* Instructions for the task: The answer should consist of the records below, repeated exactly, and no pictures.

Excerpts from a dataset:
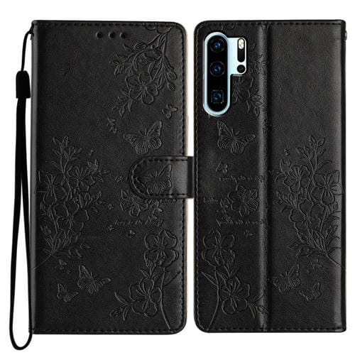 Funda de Cuero para Huawei P30 Pro Butterfly Love Flower en Relieve (Negro)
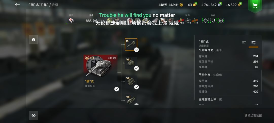 极限射速可以拉进11.79秒,单发高,穿深足,双缩5.5缩圈在重坦中也不算太慢了,其实炮控还可以,0.317(带散布插槽是0.285)的散布,还是可以的,有地形的时候卡坡上比狮子安逸点,毕竟狮子的脸颊可以被打穿的,这辆车的穿深甚至比狮子高。
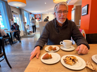 We had a lazy morning, not turning out until 9:30 or so. I moved the car out of a zone where parking fees began at 10 and we walked down our street to a nice, up-scale Dunkin’ for breakfast. Sweet rolls and hot chocolate with coffee.
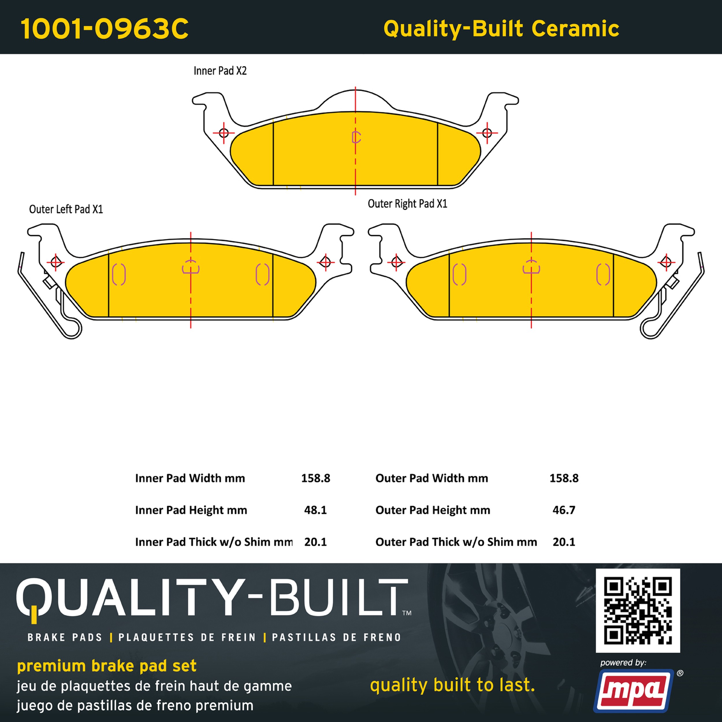 - Quality-Built Premium Brake Pads provide optimized stopping power in all conditions. Application-specific pad formulas remove the guesswork from pad selection by providing friction compounds engineered to restore like-new stopping power for every vehicle. 2025 compliant, copper-free friction formulas deliver dependable performance across a wide thermal range with low brake dust and zero noise.
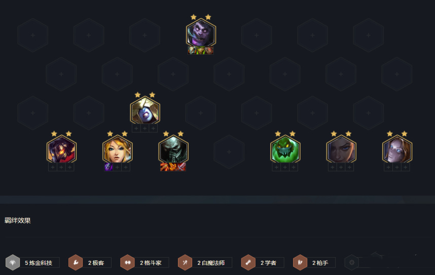 棋子构成:蒙多、丽桑卓、维克托(可换其他任意炼金)、迦娜、厄加特、扎克、金克斯、奥利安娜。
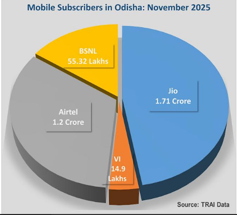 Bhubaneswar: Continuing its excellent march as the No. 1 digital service provider in Odisha, Reliance Jio added the highest around 1.85 lakh new subscribers in the wireless, wireline and fixed wireless access (FWA) segments in the month of November 2025. As per the latest telecom subscription data released by Telecom Regulatory Authority of India (TRAI), Reliance Jio added the highest over 1.59 lakh new mobile subscribers and over 25000 new home broadband subscribers in Odisha in November. While Jio added over 1.59 lakh new mobile subscribers in Odisha in November, its nearest competitor Airtel lost over 10000 mobile subscribers. Both Vodafone Idea and BSNL added just 3027 and 2433 new mobile subscribers, respectively, in the same period. With this robust performance, Jio further consolidated its market leadership in Odisha with around 1.71 crore mobile subscribers and over 47.3 percent mobile subscriber market share, as of November 30, 2025. This milestone has been powered by the unmatched consumer trust in Jio’s services and the technological superiority of its all-IP 4G and True 5G networks across the state. The ultra-affordable JioBharat 4G phone, also enabled thousands of 2G customers to upgrade to 4G, particularly in rural and remote regions across Odisha.
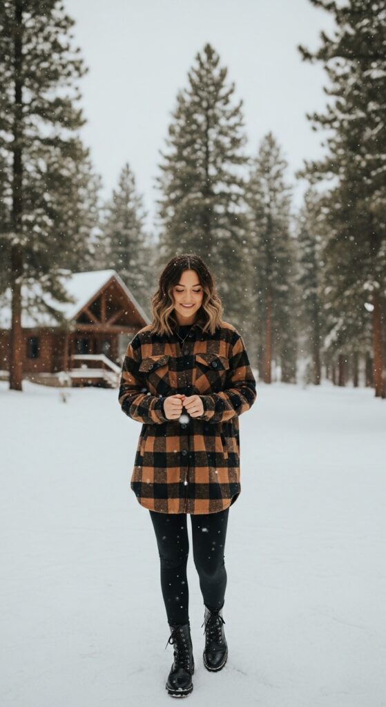 A plaid shacket over leggings is a Pinterest-favorite combination that blends warmth with effortless cool. Go for neutral or tan tones for that modern rustic vibe. Add combat boots and a beanie to complete the look. This ensemble works perfectly for winter adventures or cozy nights by the fire.
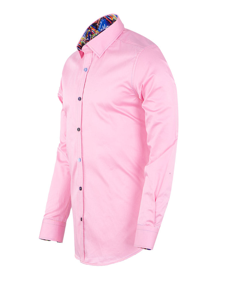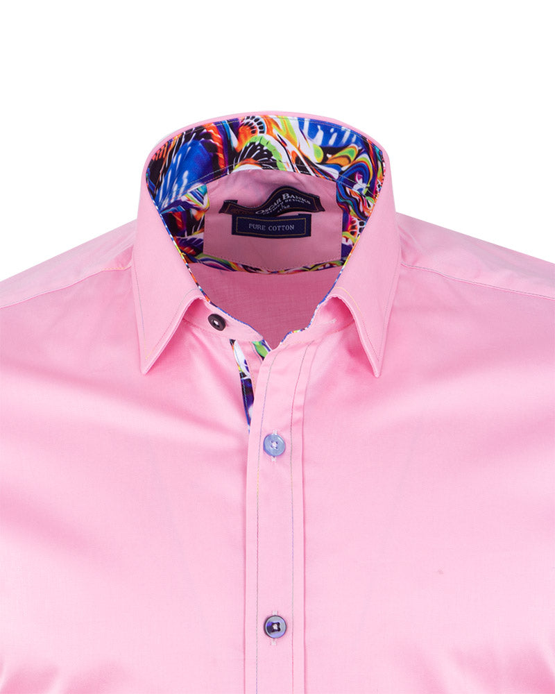 Pink Plain Colourful Stitching & Button Pure Cotton Shirt

* Result for this exercise:
 Funda de Cuero para Huawei P30 Pro Butterfly Love Flower en Relieve (Negro)
 极限射速可以拉进11.79秒,单发高,穿深足,双缩5.5缩圈在重坦中也不算太慢了,其实炮控还可以,0.317(带散布插槽是0.285)的散布,还是可以的,有地形的时候卡坡上比狮子安逸点,毕竟狮子的脸颊可以被打穿的,这辆车的穿深甚至比狮子高。
 We had a lazy morning, not turning out until 9:30 or so. I moved the car out of a zone where parking fees began at 10 and we walked down our street to a nice, up-scale Dunkin’ for breakfast. Sweet rolls and hot chocolate with coffee.
 - Quality-Built Premium Brake Pads provide optimized stopping power in all conditions. Application-specific pad formulas remove the guesswork from pad selection by providing friction compounds engineered to restore like-new stopping power for every vehicle. 2025 compliant, copper-free friction formulas deliver dependable performance across a wide thermal range with low brake dust and zero noise.
 棋子构成:蒙多、丽桑卓、维克托(可换其他任意炼金)、迦娜、厄加特、扎克、金克斯、奥利安娜。
 Bhubaneswar: Continuing its excellent march as the No. 1 digital service provider in Odisha, Reliance Jio added the highest around 1.85 lakh new subscribers in the wireless, wireline and fixed wireless access (FWA) segments in the month of November 2025. As per the latest telecom subscription data released by Telecom Regulatory Authority of India (TRAI), Reliance Jio added the highest over 1.59 lakh new mobile subscribers and over 25000 new home broadband subscribers in Odisha in November. While Jio added over 1.59 lakh new mobile subscribers in Odisha in November, its nearest competitor Airtel lost over 10000 mobile subscribers. Both Vodafone Idea and BSNL added just 3027 and 2433 new mobile subscribers, respectively, in the same period. With this robust performance, Jio further consolidated its market leadership in Odisha with around 1.71 crore mobile subscribers and over 47.3 percent mobile subscriber market share, as of November 30, 2025. This milestone has been powered by the unmatched consumer trust in Jio’s services and the technological superiority of its all-IP 4G and True 5G networks across the state. The ultra-affordable JioBharat 4G phone, also enabled thousands of 2G customers to upgrade to 4G, particularly in rural and remote regions across Odisha.
 A plaid shacket over leggings is a Pinterest-favorite combination that blends warmth with effortless cool. Go for neutral or tan tones for that modern rustic vibe. Add combat boots and a beanie to complete the look. This ensemble works perfectly for winter adventures or cozy nights by the fire.
 Pink Plain Colourful Stitching & Button Pure Cotton Shirt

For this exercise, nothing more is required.